**Work to complete**
Going through the material below, output exactly the lines from the one containing "Crush the full" through the one containing "Preheat an oven", and no pictures.

**Information shown**
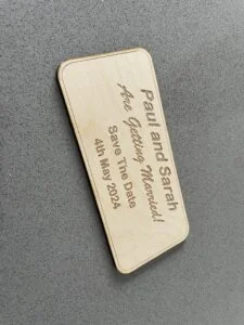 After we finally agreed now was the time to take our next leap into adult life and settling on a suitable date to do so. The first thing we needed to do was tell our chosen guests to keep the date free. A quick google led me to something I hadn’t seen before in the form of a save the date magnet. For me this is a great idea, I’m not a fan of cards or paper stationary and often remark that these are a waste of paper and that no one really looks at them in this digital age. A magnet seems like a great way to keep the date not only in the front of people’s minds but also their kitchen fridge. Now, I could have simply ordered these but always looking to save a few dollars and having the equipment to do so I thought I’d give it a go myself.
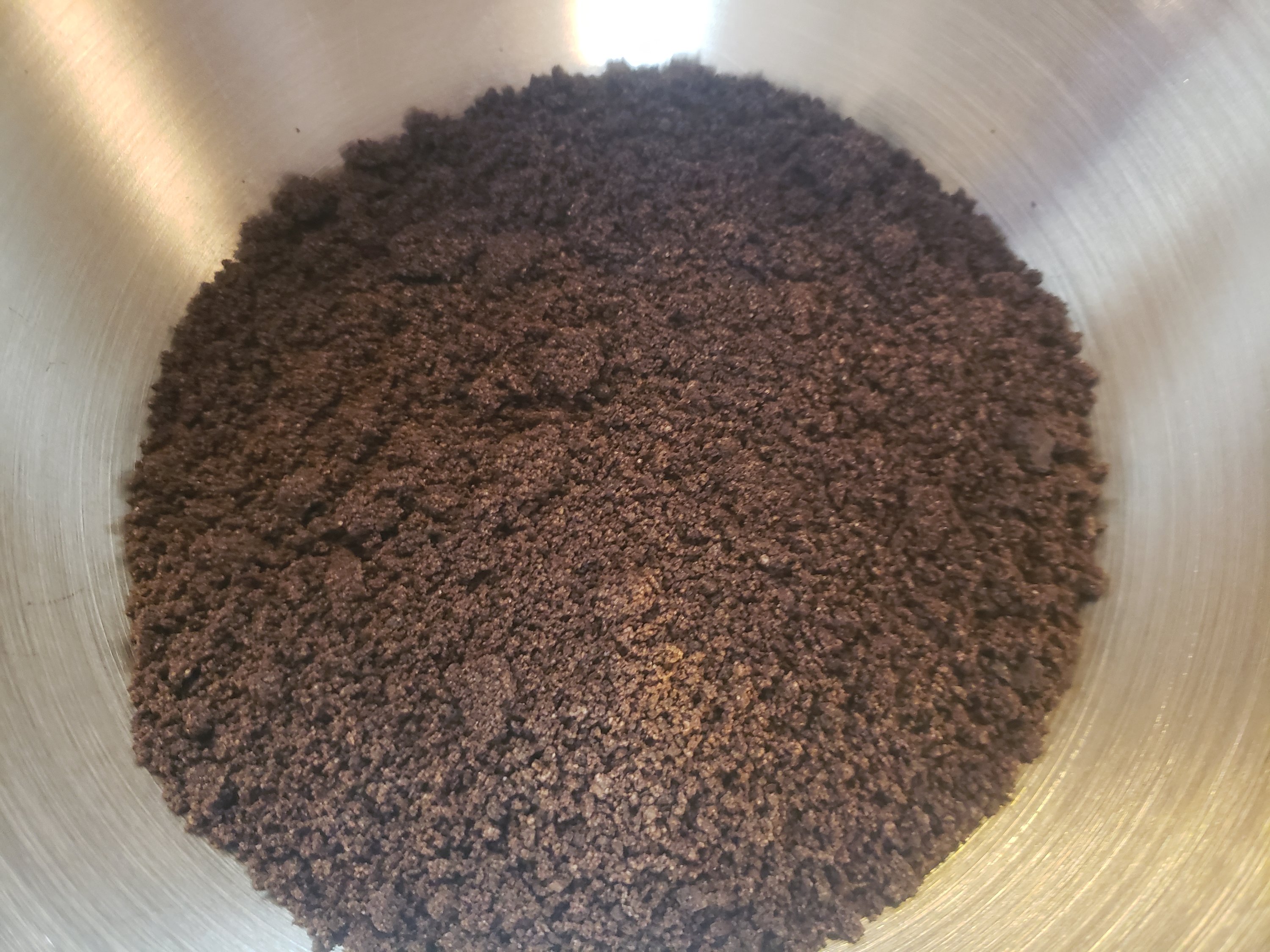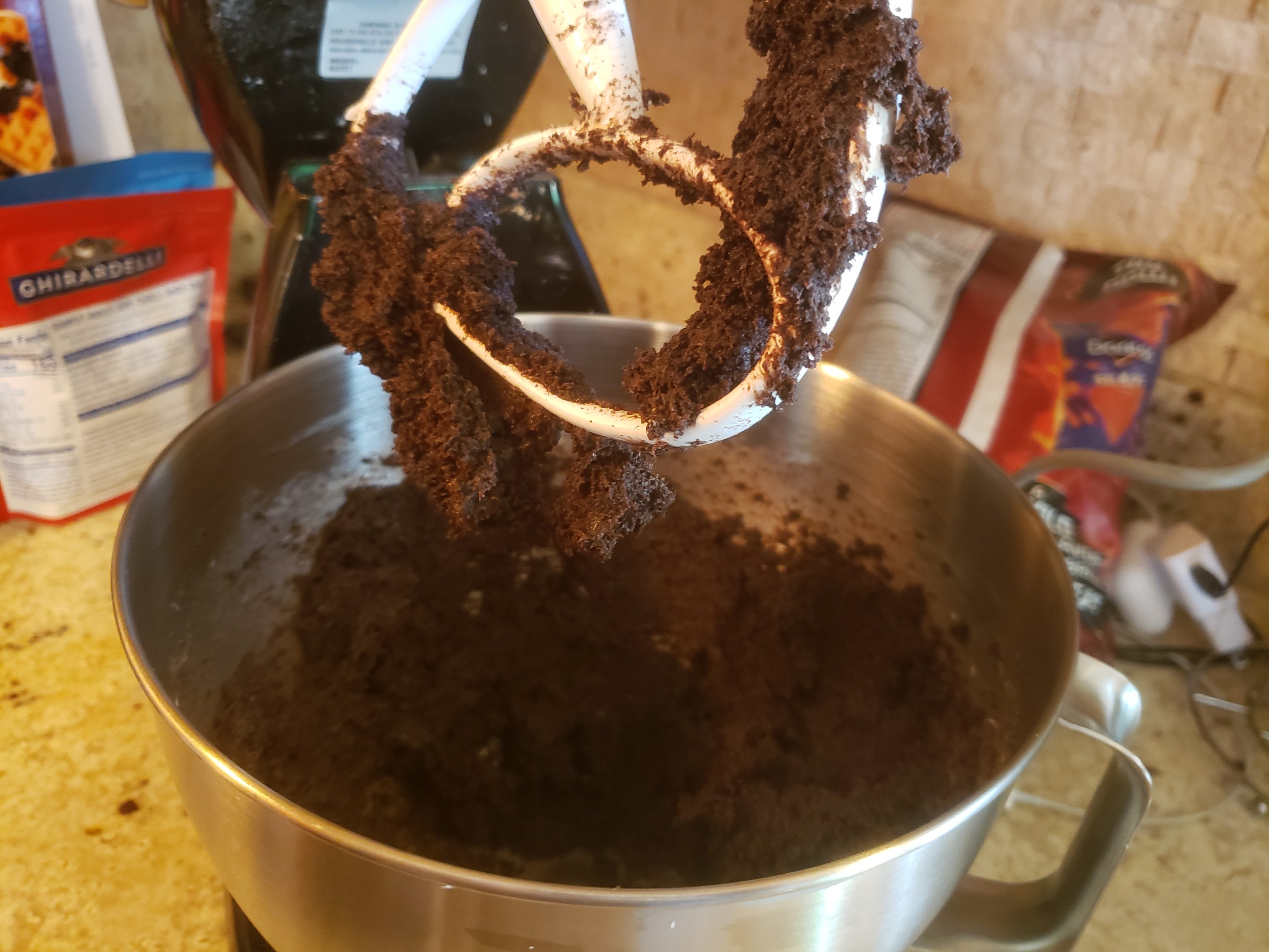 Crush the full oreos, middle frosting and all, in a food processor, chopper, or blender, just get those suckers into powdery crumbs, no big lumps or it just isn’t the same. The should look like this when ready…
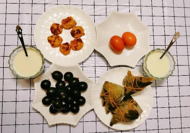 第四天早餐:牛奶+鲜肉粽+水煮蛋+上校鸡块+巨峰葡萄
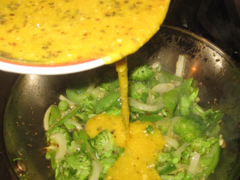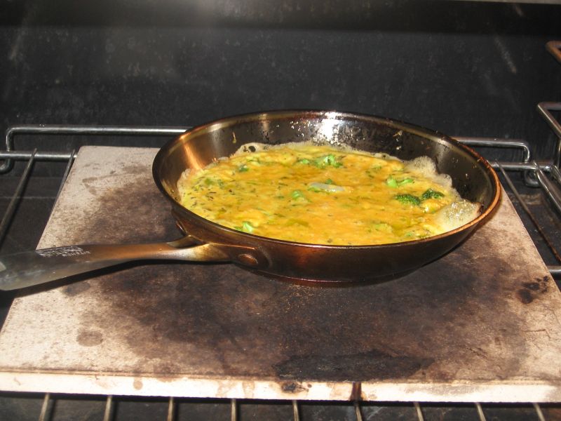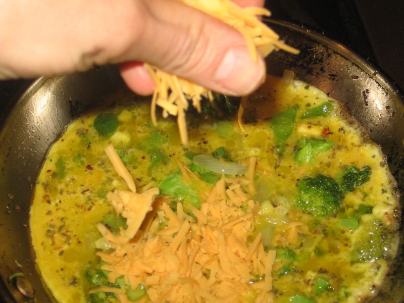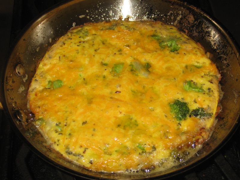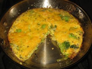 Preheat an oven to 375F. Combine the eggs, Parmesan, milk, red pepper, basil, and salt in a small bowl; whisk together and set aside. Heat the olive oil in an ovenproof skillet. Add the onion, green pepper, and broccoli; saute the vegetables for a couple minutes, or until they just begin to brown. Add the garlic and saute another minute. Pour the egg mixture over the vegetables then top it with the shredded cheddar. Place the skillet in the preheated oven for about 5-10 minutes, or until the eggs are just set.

* * *

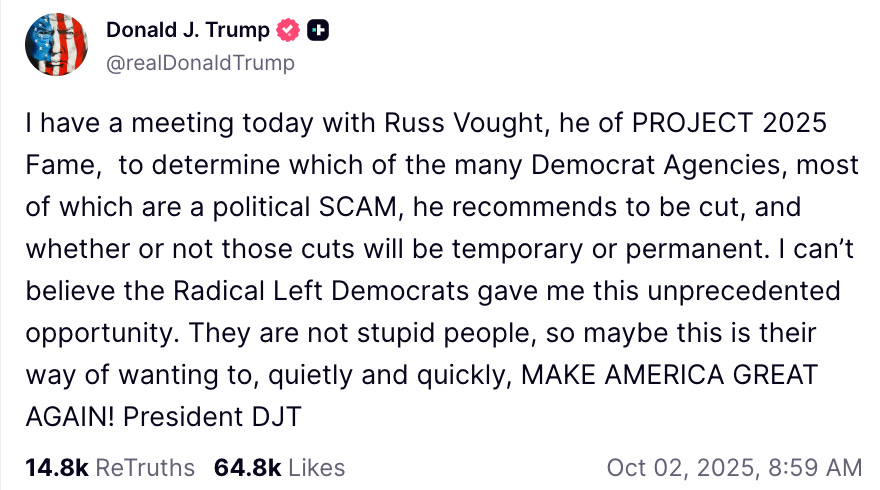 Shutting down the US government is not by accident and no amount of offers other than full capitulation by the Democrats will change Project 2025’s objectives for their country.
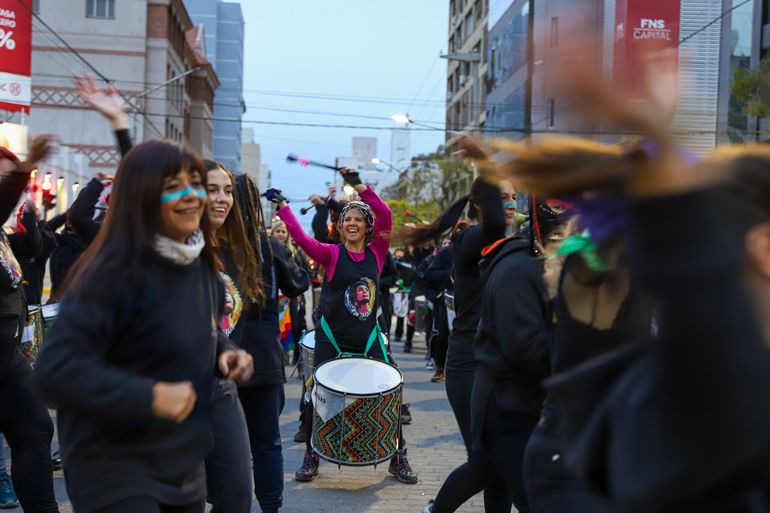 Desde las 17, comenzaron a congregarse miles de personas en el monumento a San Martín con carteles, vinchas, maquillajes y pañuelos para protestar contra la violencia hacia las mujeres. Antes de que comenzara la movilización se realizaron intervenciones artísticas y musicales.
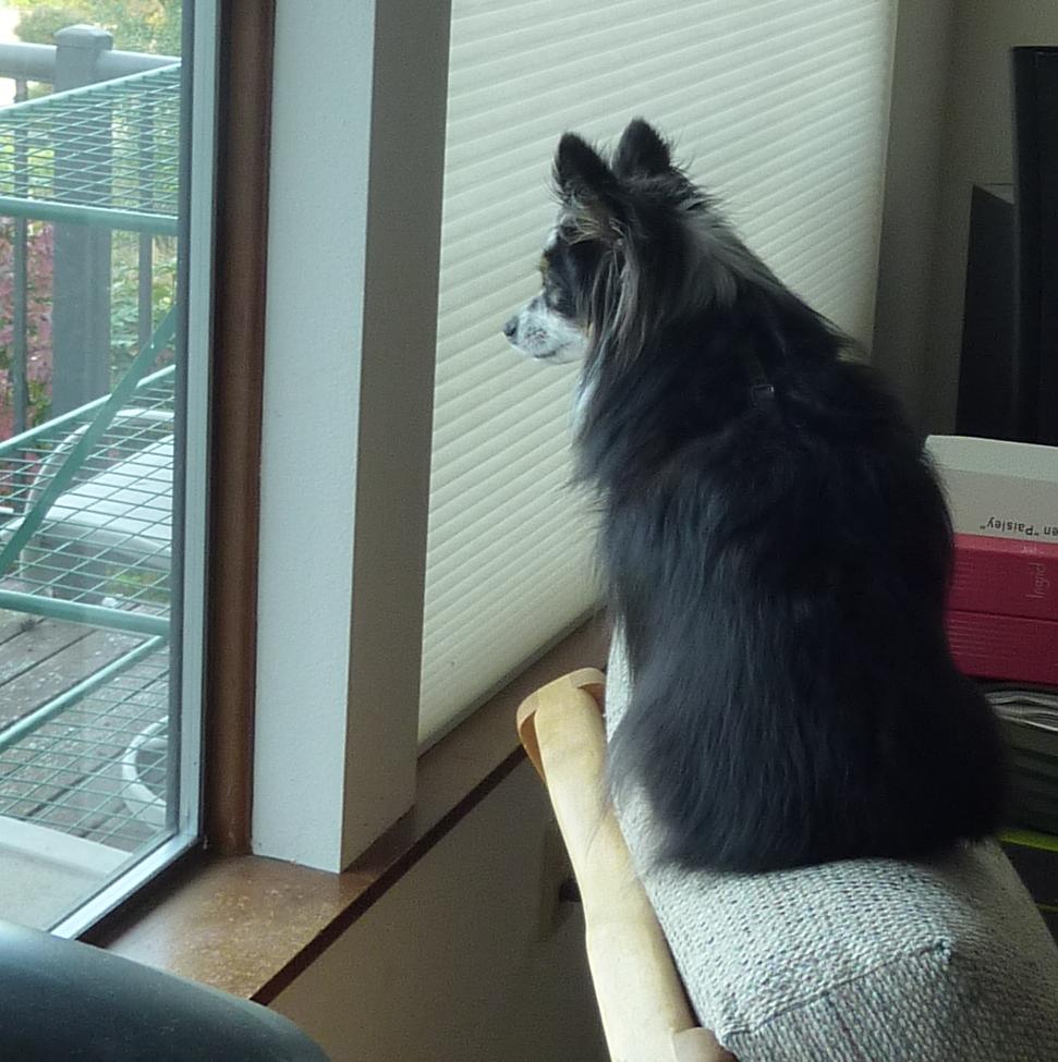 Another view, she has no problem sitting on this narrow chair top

**Final answer**
 Crush the full oreos, middle frosting and all, in a food processor, chopper, or blender, just get those suckers into powdery crumbs, no big lumps or it just isn’t the same. The should look like this when ready…
 第四天早餐:牛奶+鲜肉粽+水煮蛋+上校鸡块+巨峰葡萄
 Preheat an oven to 375F. Combine the eggs, Parmesan, milk, red pepper, basil, and salt in a small bowl; whisk together and set aside. Heat the olive oil in an ovenproof skillet. Add the onion, green pepper, and broccoli; saute the vegetables for a couple minutes, or until they just begin to brown. Add the garlic and saute another minute. Pour the egg mixture over the vegetables then top it with the shredded cheddar. Place the skillet in the preheated oven for about 5-10 minutes, or until the eggs are just set.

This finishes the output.